Всевышний — страница 12 из 52

– Ты правильно сделал, что вышел, – сказала мне мать. – Когда-то тебе очень нравился наш сад.

Я смотрел, как она медленно спускается, переступая со ступеньки на ступеньку: издалека она выглядела необычайно величественно, почти царственно; я вспомнил, что Луиза в разговоре всегда называла ее королевой.

– Он очень нравится мне и теперь, – сказал я.
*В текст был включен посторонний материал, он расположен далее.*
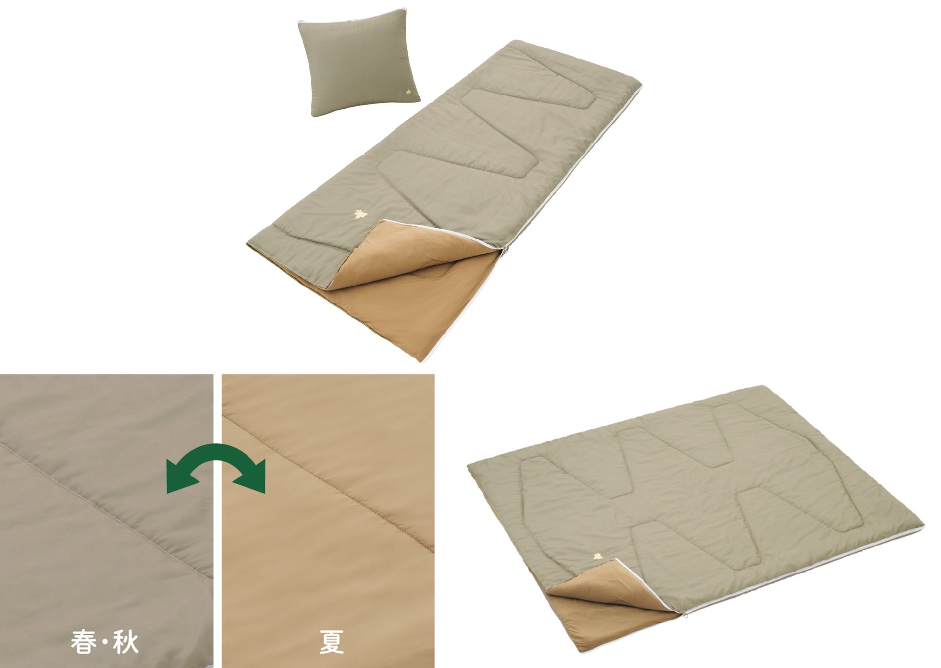 肌面には接触冷感素材を、表面には通気性がよく、さらりとした優しい肌ざわりのサーマブレスクロス素材を採用。好みや季節によって使い分けられるリバーシブル仕様になっており、ロングシーズン活躍。同一アイテムの連結ができ、ダブルサイズの寝袋としても使用可能。収納時はクッションになるので、移動中の車中や家などでも使用できる。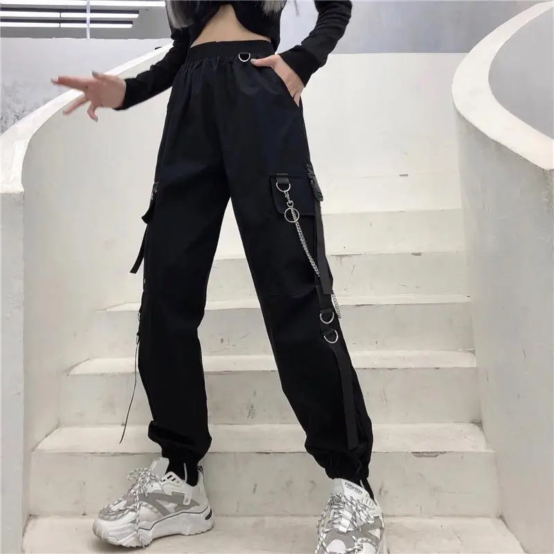 HOUZHOU панк Брюки карго для пробежек Женские Гот, Харадзюку цепь ч...
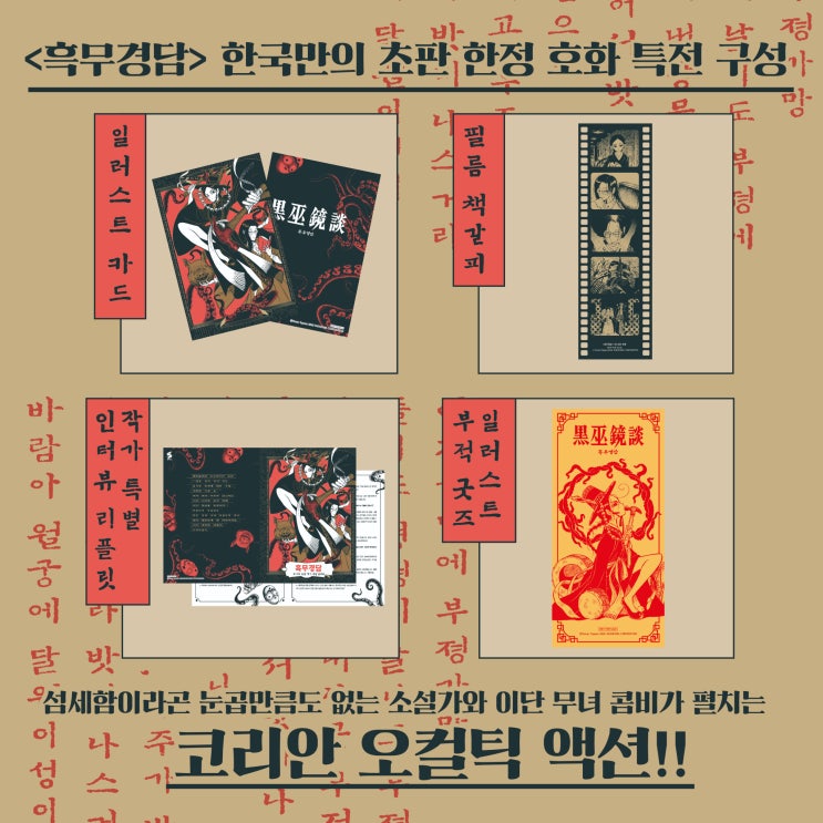 흑무경담 1권 특전, 휘리릭 트...특전이 4개나❓❗️❗️ 1 일러스트 카드 2 필름 책갈피 3 작가 특별 인터...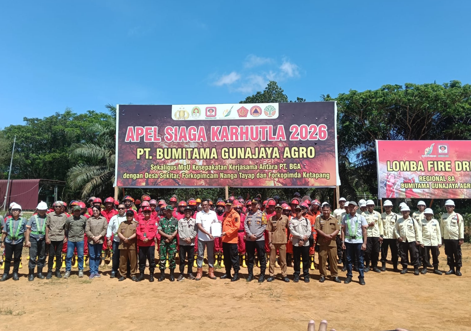 Ketapang- Dalam upaya meningkatkan kesiapsiagaan menghadapi potensi kebakaran hutan dan lahan (karhutla), Polsek Nanga Tayap Polres Ketapang bersama jajaran stakeholder serta PT Bumitama Gunajaya Agro (PT BGA) menggelar apel siaga di Dusun Tanah Merah, Desa Sungai Kelik, Kecamatan Nanga Tayap Kabupaten Ketapang, pada Senin (20/04/2026).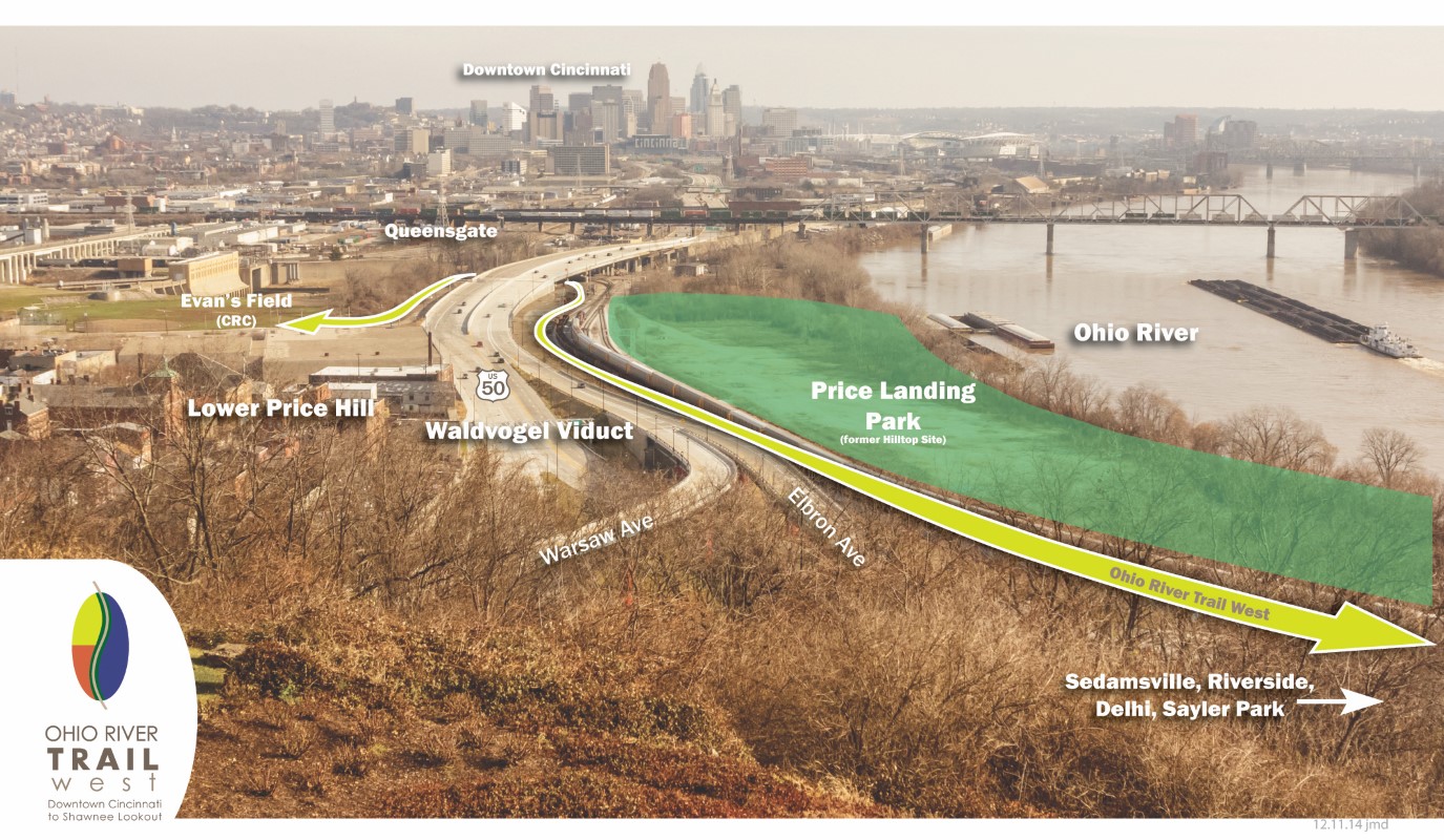 Co-Chair Dave Zelman said, “Price Landing is also a key piece of our work toward realization of the Ohio River Trail West. It is at the east end of the first phase of the trail, with planning well underway to link Lower Price Hill to the Gilday Recreation Complex in Riverside. This park will serve as a gateway to western Hamilton County, and be a positive addition to our region.”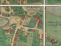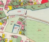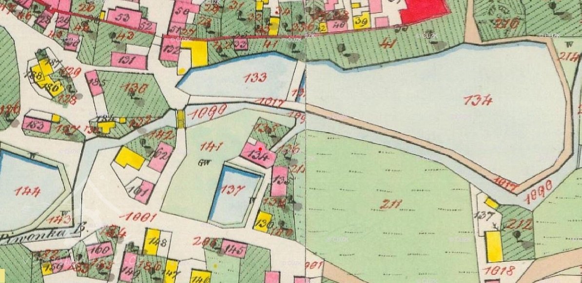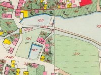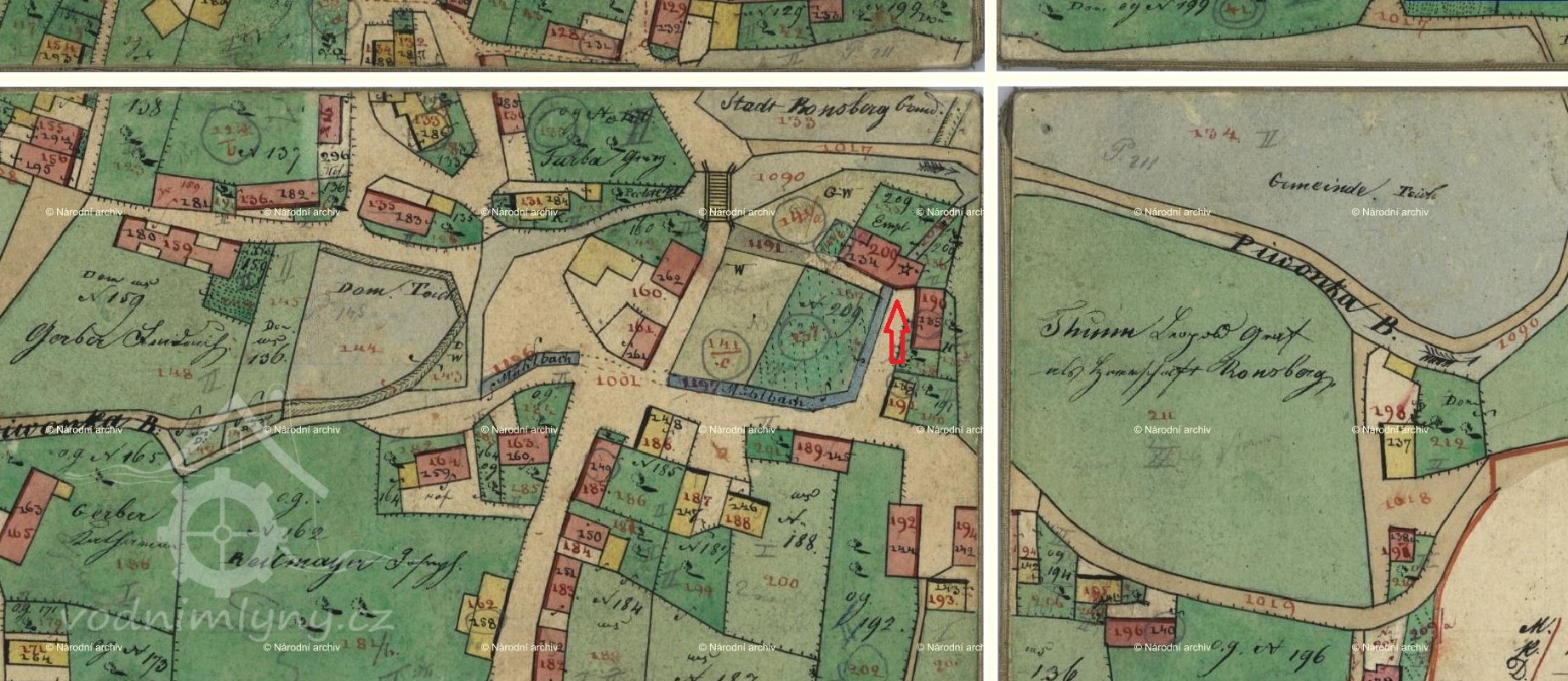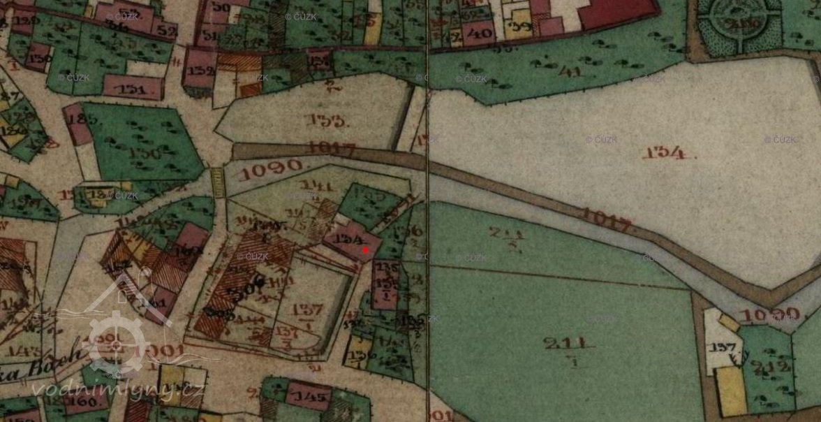 Indikační skica z roku 1838 - náhon z Pivoňky, větší nespalná budova, náhon vedl budovou, jedno kolo, za mlýnem se náhon opět spojuje s Pivoňkou. Originální mapa a otisk nejsou v místě publikovány. J. G. Sommer zmiňuje v Poběžovicích k roku 1839 mj. panský pivovar na 20 sudů, lihovar, papírnu, kovárnu, 3 mlýny a 2 mlýny na kroupy.

Садясь на скамейку, она искоса бросила на меня беглый взгляд: ровно то, чего я не переносил. Я вполне нормально воспринимал, когда меня рассматривают, даже Луиза, но от матери я этого стерпеть не мог, я волновался, я терял самообладание; она же, из-за моего бросающегося в глаза смущения, осмеливалась наблюдать за мной лишь исподволь, с беспокойным и подозрительным видом, что усугубляло мою неловкость. Я слушал, как она рассказывает, что после моего ухода они обустроили пруд, его место отмечал небольшой, украшенный цветами холмик посреди аллеи. Во всем саду это было единственное хоть отчасти веселое место.

– Ты хорошо ладишь с сестрой?

– Да.

– Ну что ж, тем лучше. Она хорошая девочка, но у нее трудный характер. Она так замкнута. Когда вы вместе, она говорит с тобой, вы много разговариваете?

– Ну да, когда как.

– Я уважаю ее и, пожалуй, даже ею восхищаюсь. Но ты вряд ли представляешь, до чего она скрытна. Я уверена, что, когда ты заболел, она изымала все письма врача. Она хотела, чтобы, кроме нее, никто не знал о твоей болезни, и никому ничего не сказала, молчала до последнего. Она навещала тебя в клинике?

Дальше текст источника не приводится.